This report is based on the analysis carried out on the WeRateDogs tweets which is part of the Udacity Nanodegree Data Wrangling project. The datasets were provided by Udacity, but some information needed for the analysis, like favorites and retweet count were not available on the dataset. We had to use Web-Scraping via the Twitter Tweepy API. Our analyses were based on tweets on or before 2017.
WeRateDogs, also known as @dog_rates, is a Twitter account created in 2015 by college student, Matt Nelson with the aim of rating people's dogs with humorous comments about the dogs. Over time, the account received international media attention for its popularity, but also drew attention based on the social media copyright law breach which led to suspension of the account on the 9th of February, 2016. This suspension was as a result of a DMCA claim filed by an unknown person with alleged email account, [email protected] which Matt confirmed he received. The account was restored on Wednesday, 10th February 2016 after Matt Nelson wrote to twitter explaining the impersonation and the unfounded claims.
We would be answering the following questions based on our analysis:
- Which dog breed has the highest ratings?
- Among the Dog Breeds, which top 10 were tweeted most?
- Which dog breed recorded the highest retweet count?
- Which dog breed has the highest number of likes on average?

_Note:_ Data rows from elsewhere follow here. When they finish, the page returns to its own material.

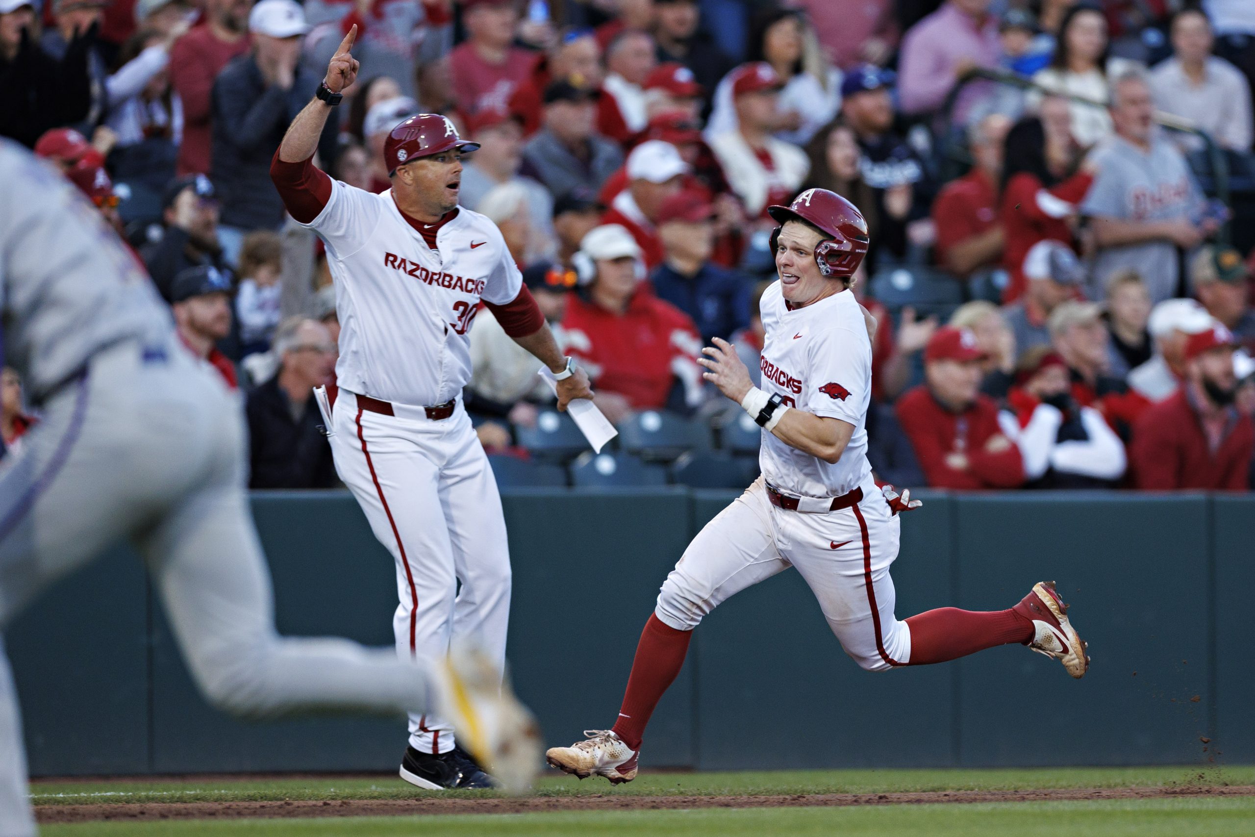 Hudson White, #8 of the Arkansas Razorbacks, rounds third base during the game against the LSU Tigers at Baum-Walker Stadium at George Cole Field on March 28, 2024, in Fayetteville, Arkansas. The Razorbacks defeated the Tigers 7-4. (Photo by Wesley Hitt/Getty Images)
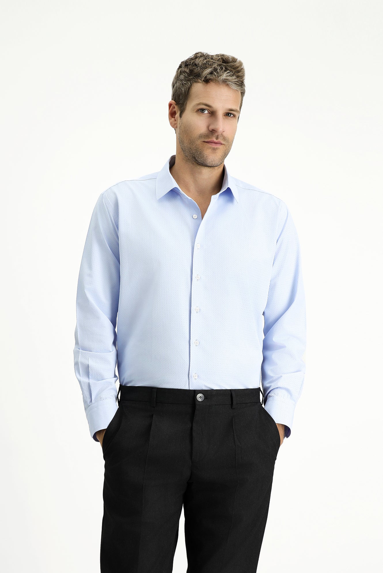 Açık Mavi Uzun Kol Klasik Desenli Pamuklu Kolay Ütülenebilir Gömlek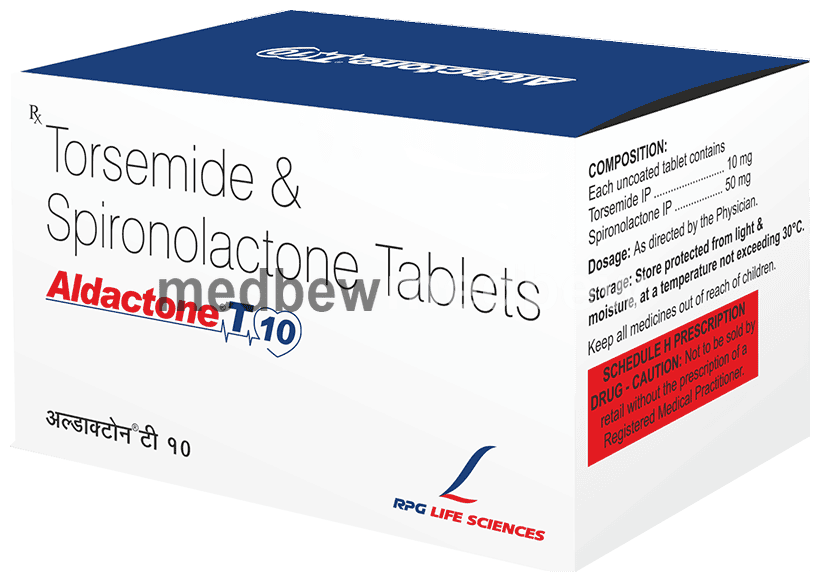 Aldactone T 10 Tablet is a combination of two medicines used to reduce excess fluid levels in the body while maintaining the potassium balance. It is used to treat edema (fluid overload) and some cases of hypertension.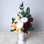 キット・ハーフキット・完成品「お供え花(輪菊ホワイト)」 水替え不要のプリザーブドフラワーのお供え花はいかがでしょうか? |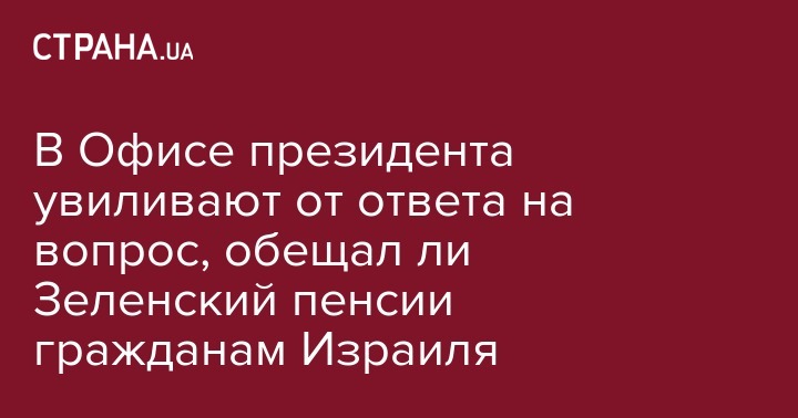 В Офисе президента не стали комментировать информацию о том, что Владимир Зеленский пообещал начать выплаты украинских пенсий гражданам Израиля. Об этом пишут "Украинские Новости".

During the data wrangling process, a number of steps were undertaken in order to get the data ready for analysis. The entire data wrangling process was done using the Jupyter Notebook. The data wrangling steps are listed below:
- Data Gathering
- Assessing Data
- Cleaning Data
- Storing Data
- Explanatory Analysis
There were three datasets for our analysis and three separate methods were taken to download each of them. The first method was to directly download the twitter_archive_enhanced.csv dataset and manually load it using the pandas read_csv object. This dataset contained over 5000+ datasets of The second method was using the Requests library to download the image_prediction dataset from the website url provided. The third and final method using the Tweepy library to query the remaining dataset (tweet_json.txt) through the Twitter API. The returned result was in JSON format, and this result was saved to our directory for further assessment and analysis.

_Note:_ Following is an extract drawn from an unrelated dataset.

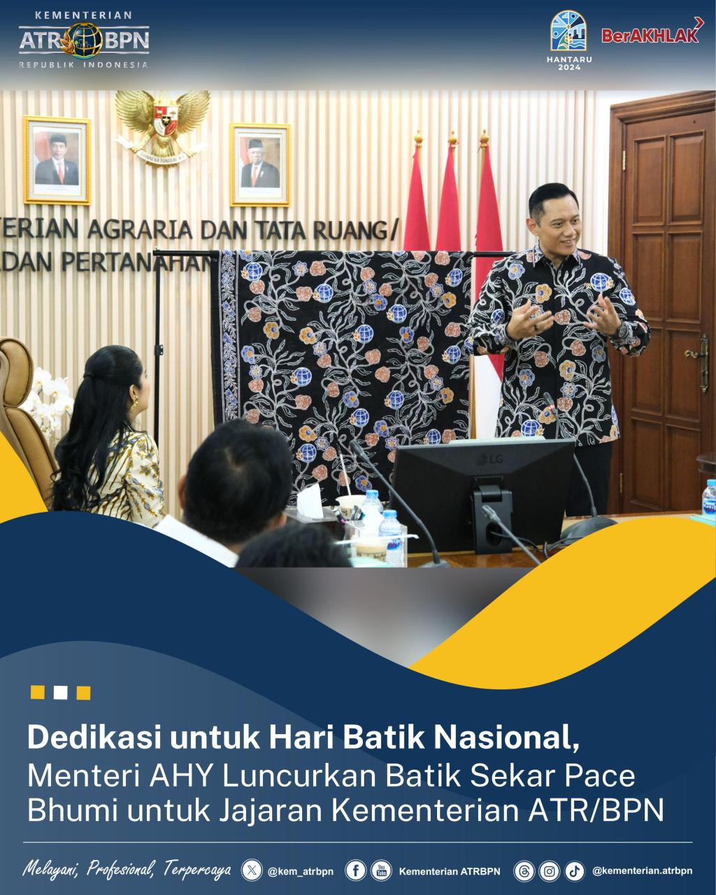 “Di hari batik ini didesainkan batik khusus, yang menjadi bagian dari memori dan dedikasi Kementerian ATR/BPN terhadap hari batik. Batik ini didesain khusus oleh Annisa, yang di beri nama Batik Sekar Pace Bhumi, yang bentuknya seperti yang saya kenakan ini,” ucap Menteri AHY sembari menunjuk baju batik yang ia kenakan pada pertemuan yang berlangsung di Ruang Rapat Menteri, pada Rabu (02/10/2024).

This process involved both manual and programmatic assessment of our datasets. We leveraged the Pandas library functions for the programmatic assessment. The functions used were DataFrame.info(), DataFrame.describe(), DataFrame.head(), etc. The matplotlib library was useful for visualization of the datasets in order to draw more insights on relationships among the columns. We also checked our datasets for both Quality and Tidiness issues. Quality issues are those relating to the content of our datasets which include missing data, invalid data, inaccurate date or inconsistent data. Tidiness issues on the other hand, refers to structure of our data (columns, rows or table). We were able to observe about 8 quality issues and 2 Tidiness issues on our datasets. After the assessment, the three datasets were merged into a single column for further analysis.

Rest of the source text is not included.